:: TASK MATERIAL ::
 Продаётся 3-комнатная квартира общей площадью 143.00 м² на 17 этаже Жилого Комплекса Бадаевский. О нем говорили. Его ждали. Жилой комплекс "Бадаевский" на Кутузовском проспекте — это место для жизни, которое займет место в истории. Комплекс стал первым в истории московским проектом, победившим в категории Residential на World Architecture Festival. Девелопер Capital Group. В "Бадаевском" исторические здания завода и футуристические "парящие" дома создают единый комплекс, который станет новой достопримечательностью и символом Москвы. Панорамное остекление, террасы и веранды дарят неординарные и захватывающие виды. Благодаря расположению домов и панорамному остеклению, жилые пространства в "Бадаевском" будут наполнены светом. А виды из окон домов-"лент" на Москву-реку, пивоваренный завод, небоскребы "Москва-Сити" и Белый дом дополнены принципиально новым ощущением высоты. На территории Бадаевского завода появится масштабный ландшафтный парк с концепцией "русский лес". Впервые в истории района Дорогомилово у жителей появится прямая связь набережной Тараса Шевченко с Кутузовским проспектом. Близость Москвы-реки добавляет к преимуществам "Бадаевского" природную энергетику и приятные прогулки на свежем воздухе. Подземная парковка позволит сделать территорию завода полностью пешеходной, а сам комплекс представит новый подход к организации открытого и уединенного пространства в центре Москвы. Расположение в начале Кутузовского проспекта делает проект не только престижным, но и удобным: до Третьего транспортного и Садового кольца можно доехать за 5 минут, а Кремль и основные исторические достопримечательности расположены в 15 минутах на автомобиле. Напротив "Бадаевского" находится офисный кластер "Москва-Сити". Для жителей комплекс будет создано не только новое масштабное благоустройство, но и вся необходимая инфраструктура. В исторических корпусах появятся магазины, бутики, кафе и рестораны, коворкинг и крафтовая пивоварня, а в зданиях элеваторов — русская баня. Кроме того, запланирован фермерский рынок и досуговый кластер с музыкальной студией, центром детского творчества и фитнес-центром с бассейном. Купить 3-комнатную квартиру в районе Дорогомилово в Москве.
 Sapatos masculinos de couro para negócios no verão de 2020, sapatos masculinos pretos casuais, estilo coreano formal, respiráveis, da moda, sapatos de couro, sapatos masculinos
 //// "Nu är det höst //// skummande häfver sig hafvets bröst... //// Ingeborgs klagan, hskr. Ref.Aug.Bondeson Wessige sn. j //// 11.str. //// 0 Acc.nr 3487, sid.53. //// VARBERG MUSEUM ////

* * *

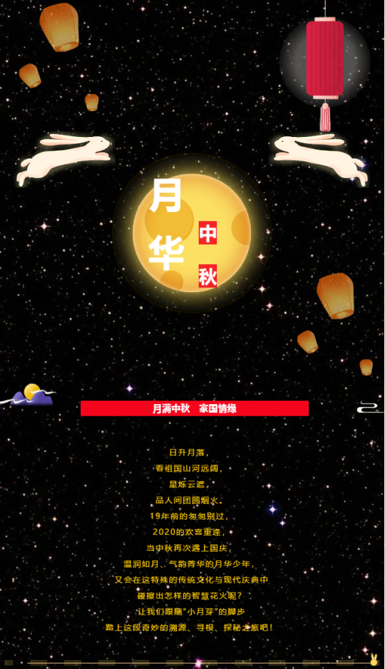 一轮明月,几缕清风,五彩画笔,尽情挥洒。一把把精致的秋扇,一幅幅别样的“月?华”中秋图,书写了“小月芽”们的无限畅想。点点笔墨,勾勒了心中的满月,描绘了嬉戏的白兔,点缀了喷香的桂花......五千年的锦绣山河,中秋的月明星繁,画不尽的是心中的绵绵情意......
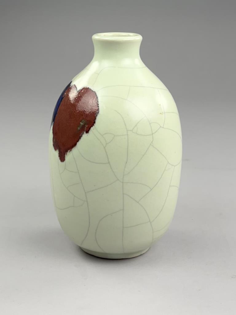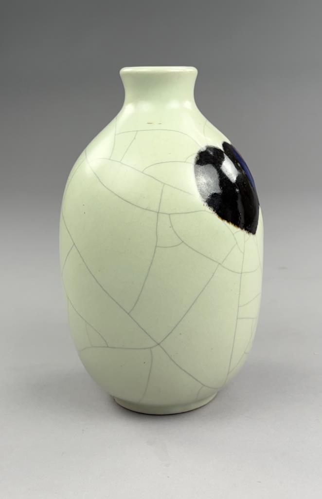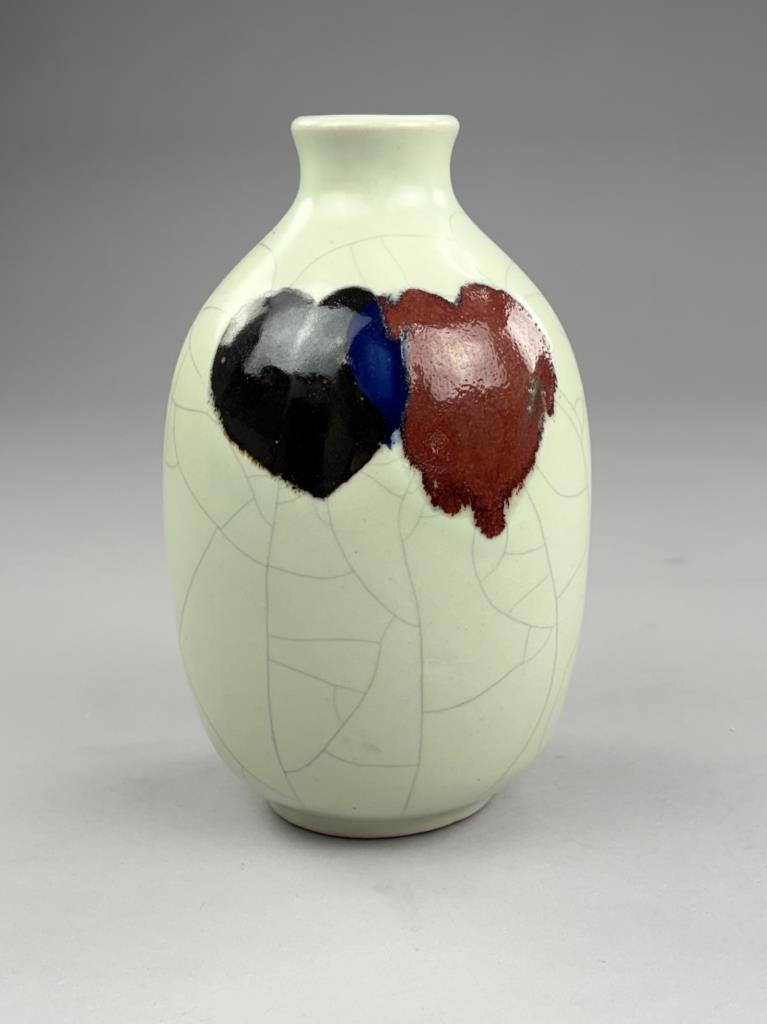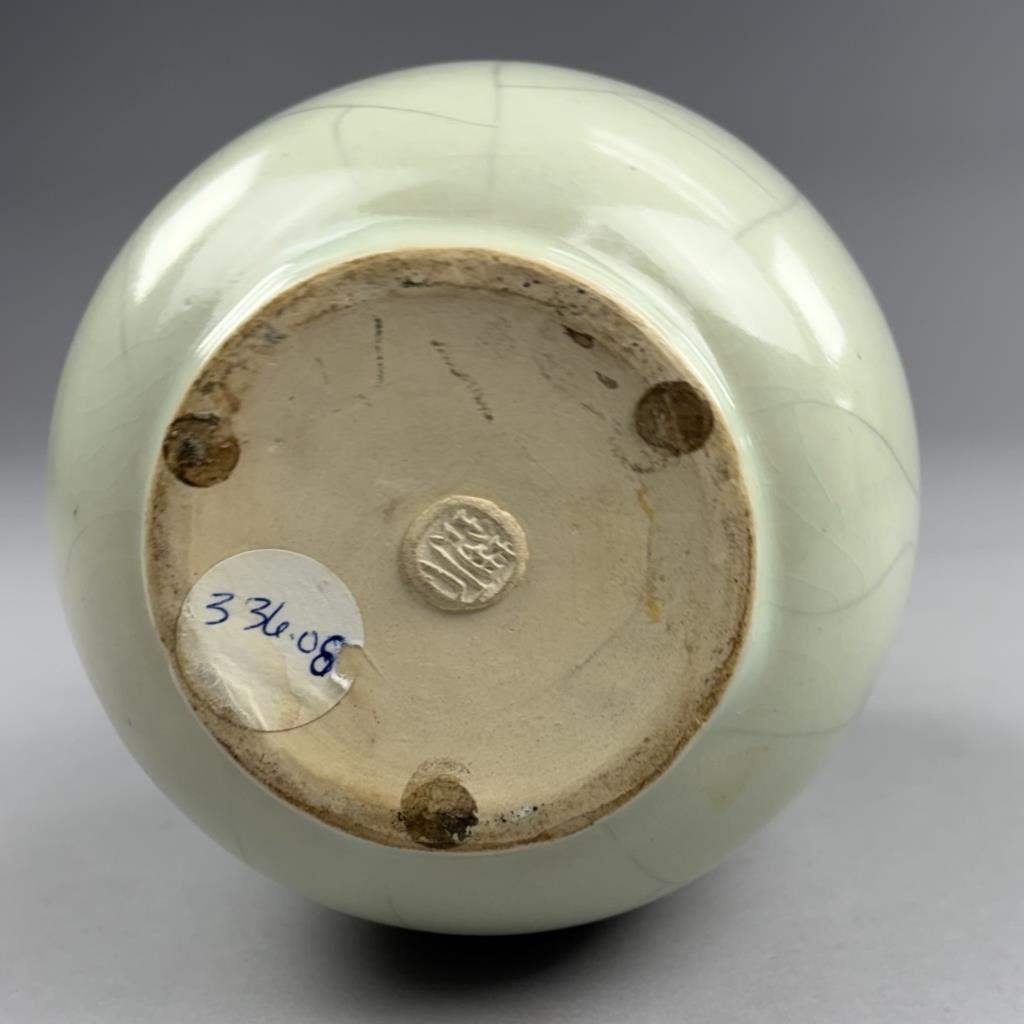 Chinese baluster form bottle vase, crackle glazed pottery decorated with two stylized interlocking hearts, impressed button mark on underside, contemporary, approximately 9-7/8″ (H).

---

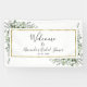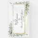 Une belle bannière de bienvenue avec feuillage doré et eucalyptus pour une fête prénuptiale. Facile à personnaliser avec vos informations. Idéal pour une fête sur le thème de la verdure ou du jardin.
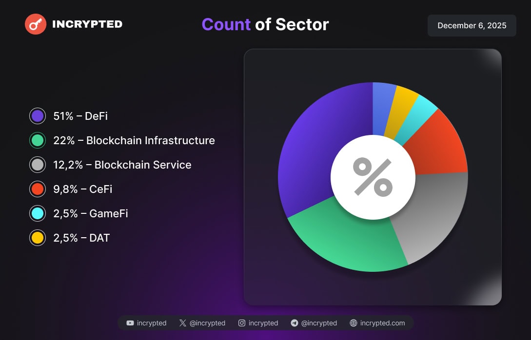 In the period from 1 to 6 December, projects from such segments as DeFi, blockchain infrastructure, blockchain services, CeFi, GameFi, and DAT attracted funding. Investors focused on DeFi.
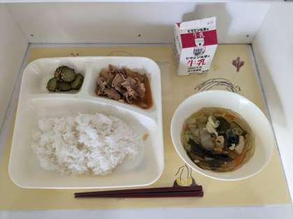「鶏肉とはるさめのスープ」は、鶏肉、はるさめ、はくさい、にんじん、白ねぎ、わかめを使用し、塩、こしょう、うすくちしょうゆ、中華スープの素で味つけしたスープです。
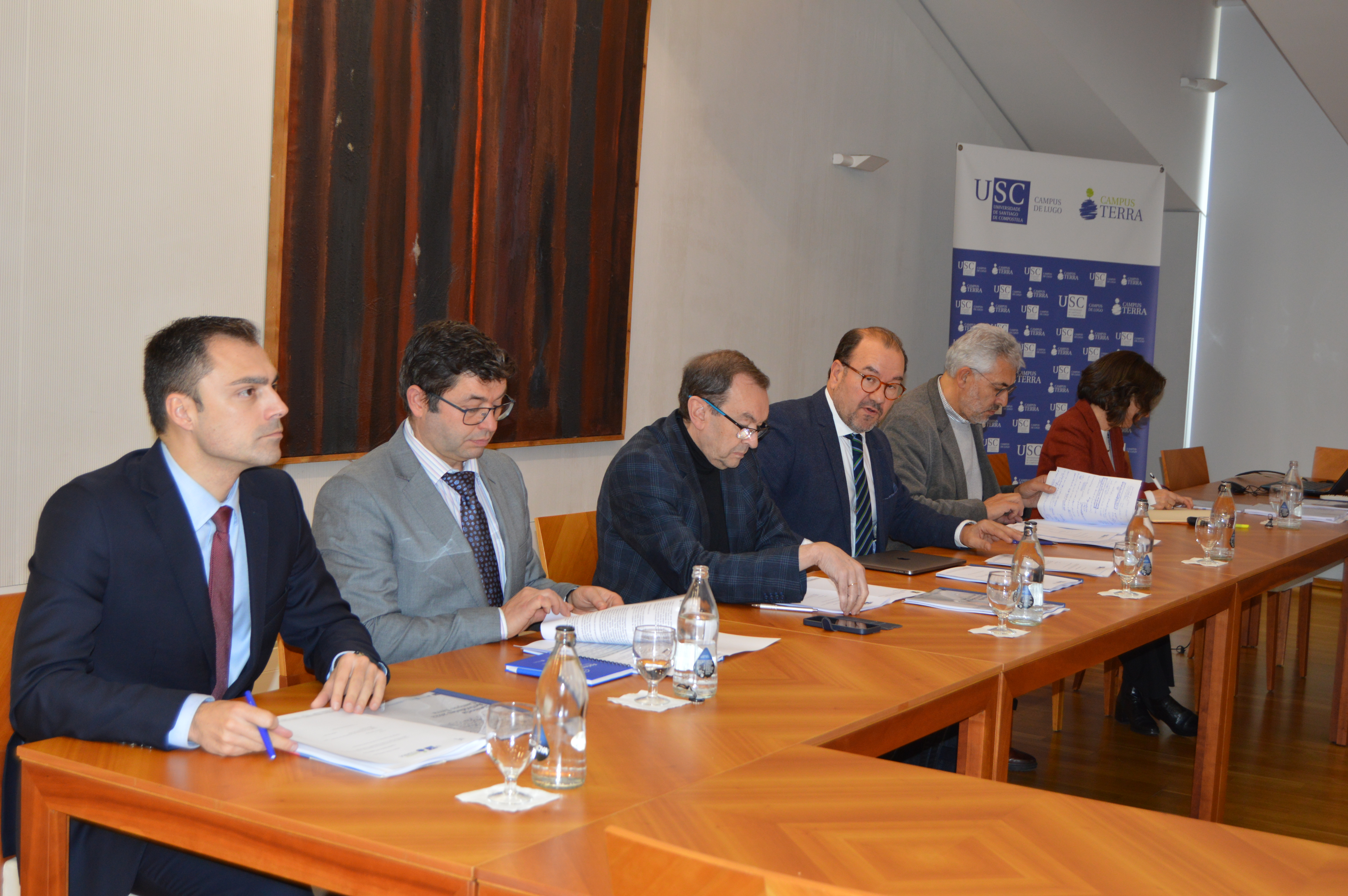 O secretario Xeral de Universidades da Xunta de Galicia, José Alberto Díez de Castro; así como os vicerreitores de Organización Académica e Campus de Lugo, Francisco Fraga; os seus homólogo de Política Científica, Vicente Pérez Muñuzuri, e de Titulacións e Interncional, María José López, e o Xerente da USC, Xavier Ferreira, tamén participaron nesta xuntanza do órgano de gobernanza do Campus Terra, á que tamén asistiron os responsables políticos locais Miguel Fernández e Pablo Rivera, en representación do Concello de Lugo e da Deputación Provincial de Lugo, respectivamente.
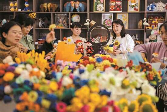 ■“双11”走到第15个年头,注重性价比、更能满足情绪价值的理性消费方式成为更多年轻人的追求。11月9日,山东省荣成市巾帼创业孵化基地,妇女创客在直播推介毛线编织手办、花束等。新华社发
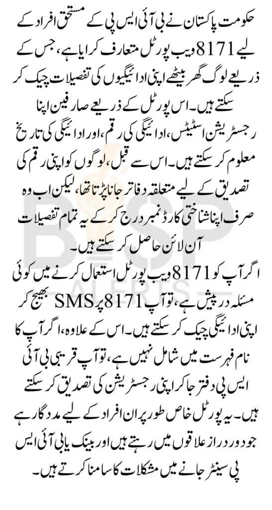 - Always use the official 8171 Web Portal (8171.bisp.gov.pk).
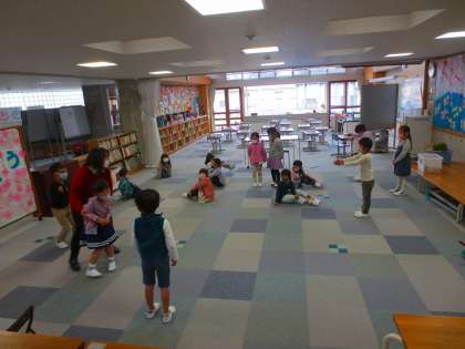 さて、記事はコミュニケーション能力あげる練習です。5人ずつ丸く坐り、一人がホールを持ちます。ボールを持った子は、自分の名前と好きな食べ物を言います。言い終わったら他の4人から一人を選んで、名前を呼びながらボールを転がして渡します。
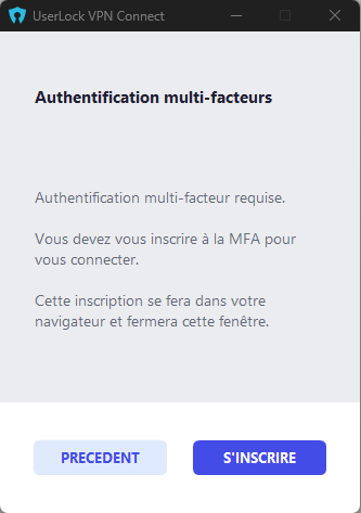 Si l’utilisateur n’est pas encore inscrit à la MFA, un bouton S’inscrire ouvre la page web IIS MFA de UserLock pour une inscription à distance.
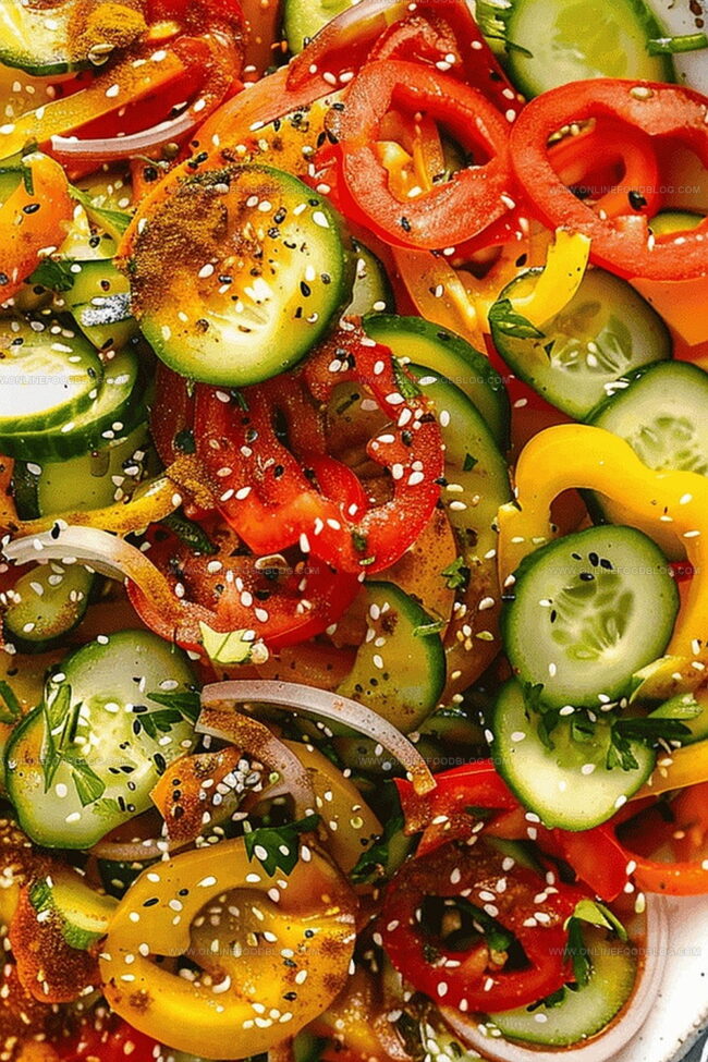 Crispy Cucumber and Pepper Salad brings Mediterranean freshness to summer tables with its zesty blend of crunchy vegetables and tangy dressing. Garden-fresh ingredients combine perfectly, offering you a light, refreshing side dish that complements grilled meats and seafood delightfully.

:: EXERCISE REQUIREMENTS ::
Range to copy from the records above: the line containing "一轮明月,几缕清风,五彩画笔" to the line containing "Chinese baluster form", both included. Output those lines exactly and only those, skipping pictures.

:: RESULT OF THE EXERCISE ::
 一轮明月,几缕清风,五彩画笔,尽情挥洒。一把把精致的秋扇,一幅幅别样的“月?华”中秋图,书写了“小月芽”们的无限畅想。点点笔墨,勾勒了心中的满月,描绘了嬉戏的白兔,点缀了喷香的桂花......五千年的锦绣山河,中秋的月明星繁,画不尽的是心中的绵绵情意......
 Chinese baluster form bottle vase, crackle glazed pottery decorated with two stylized interlocking hearts, impressed button mark on underside, contemporary, approximately 9-7/8″ (H).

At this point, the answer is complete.